RME Amazing Race

Submitted photo

A team of third-grade teachers work to build a marshmallow and spaghetti tower. The challenge was part of the school’s Amazing Race. The tower had to be exactly 36 inches tall, have both an obtuse and acute angle and stand for at least 30 seconds.

^pBy LEIGH PROM

If Justin Altice, assistant principal of Rocky Mount Elementary School, should ever leave school administration, he could go to work designing race challenges for the TV show “The Amazing Race.” Altice recently led his school’s faculty on their own version of the show after having participated in a similar competition earlier this summer with his colleagues from Franklin County Public Schools.

“It was so much fun for us.
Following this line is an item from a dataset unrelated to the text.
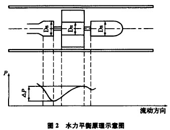 由于流體通過渦輪時(shí)會對渦輪產(chǎn)生一個(gè)軸向推力,使軸承的摩擦轉(zhuǎn)矩增大,加速軸承磨損,為了消除軸向力,需在結(jié)構(gòu)上采取水力平衡措施,這方法的原理見圖2所示。由于渦輪處直徑DH略小于前后支架處直徑Ds,所以,在渦輪段流通截面擴(kuò)大,流速降低,使流體靜壓上升△P,這個(gè)△P的靜壓將起到抵消部分軸向推力的作用。

I knew our faculty would love it,” Altice said. “I wanted everyone to have fun, see where our kids came from and laugh and have fun with each other.”

Altice said he wanted the faculty to see the school’s zone, which is a long, narrow area that encompasses Angle Plantation Road on Virginia 122 to Virginia 40 near Redwood Minute Market, as well as parts of the Town of Rocky Mount. He picked out landmarks, businesses and locations for his faculty to visit.

One thing Altice didn’t plan? “How competitive everyone would be,” he said. “They had paint on their faces, bandanas, team shirts, etc.”

There were 11 teams that participated with five members per team. The race featured nine stops for challenges and 21 places for photo opportunities for extra credit.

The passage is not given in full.